On Tuesday, Wall Street demonstrated a steadier performance after a significant surge on Monday, fueled by optimism surrounding President Donald Trump’s tariffs. The S&P 500 index rose by 0.2% in morning trading, following a remarkable jump of 1.8% the previous day. The Dow Jones Industrial Average gained 50 points, translating to a 0.1% increase as of 10:30 a.m. Eastern Time, while the Nasdaq composite also saw a slight increase of 0.2%.
U.S. stocks have recouped a substantial portion of their earlier losses, having previously fallen 10% below their all-time high earlier this month, marking the first significant market correction since 2023. Currently, the S&P 500 is down approximately 6% from its peak, a decline that has rendered the market relatively more affordable, addressing concerns that had emerged following its meteoric rise in recent years.
Despite the recent recovery, strategists on Wall Street caution that more volatile market swings are anticipated, particularly with an upcoming April 2 deadline looming. This date, referred to by Trump as “Liberation Day,” will mark the beginning of a series of global tariffs aimed at trading partners, which he believes will balance the perceived economic burdens on the United States.
Monday’s rally on Wall Street was largely attributed to hopes that Trump’s proposed “reciprocal tariffs” might be more focused and less damaging than initially feared. According to Ajay Rajadhyaksha, global head of research at Barclays, there is a risk of a sudden tariff shock in early April, given traders' expectations of market volatility and the relatively stable values of the Mexican peso and Canadian dollar since the last tariff postponement.
Even if Trump’s tariffs prove to be less harmful to the global economy than anticipated, the ongoing discussions surrounding them have negatively impacted consumer and business confidence in the U.S. A report released on Tuesday revealed that pessimism among U.S. households is growing. The Conference Board’s consumer confidence index fell more than expected, primarily due to a sharp decline in short-term economic expectations, reaching its lowest level in 12 years. This index now sits well below the 80 threshold, which typically indicates a potential recession.
While actual economic activity and the job market appear to be holding steady, the rising concerns among U.S. companies and consumers may lead to reduced spending, further threatening economic stability.

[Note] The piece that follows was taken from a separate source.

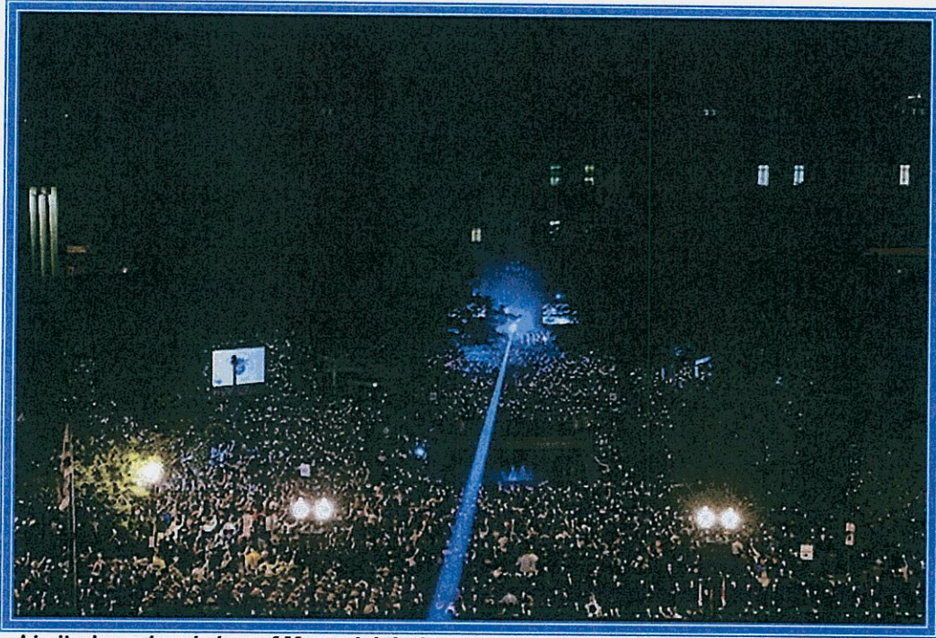
Limited overhead view of Memorial during Candle Light Vigil with app. 20,000 attendees

The 24th Annual Candlelight Vigil will be held at the National Law Enforcement Officers Memorial on Sunday, 13 May 2012 in Judiciary Square*, between 4 th and 5 th Sts., NW

In corporate news, Trump Media & Technology Group saw an impressive 8.8% jump after announcing a partnership with Crypto.com to launch a suite of “America-First” investment funds. These exchange-traded funds (ETFs) will focus on bitcoin, other digital assets, and what TMTG describes as “securities with a Made in America focus” across various industries, including energy. Crypto.com will provide backend technology, custody, and cryptocurrencies for these ETFs, which will operate under the Truth.Fi brand.
On the other hand, homebuilder KB Home experienced a 4.2% decline after reporting disappointing profit and revenue figures for the latest quarter, raising concerns about rising costs stemming from tariffs that may ultimately be passed on to buyers. Additionally, a report indicated that U.S. sales of new homes were slightly below economists' expectations.
McCormick, a spice seller, also faced challenges, with its stock slipping 0.2% following a weaker-than-expected profit report, citing “current uncertainty of the consumer and macro environment.” Meanwhile, Tesla fluctuated between modest gains and losses, recently down 0.6% amid troubling sales figures from Europe, where electric vehicle sales dropped nearly 50% compared to the previous year, despite overall growth in the market for battery-powered cars.
In international markets, stock indexes across much of Europe rose following a mixed finish in Asia. In the bond market, Treasury yields saw a slight decline, with the yield on the 10-year Treasury falling to 4.32% from 4.34% late Monday.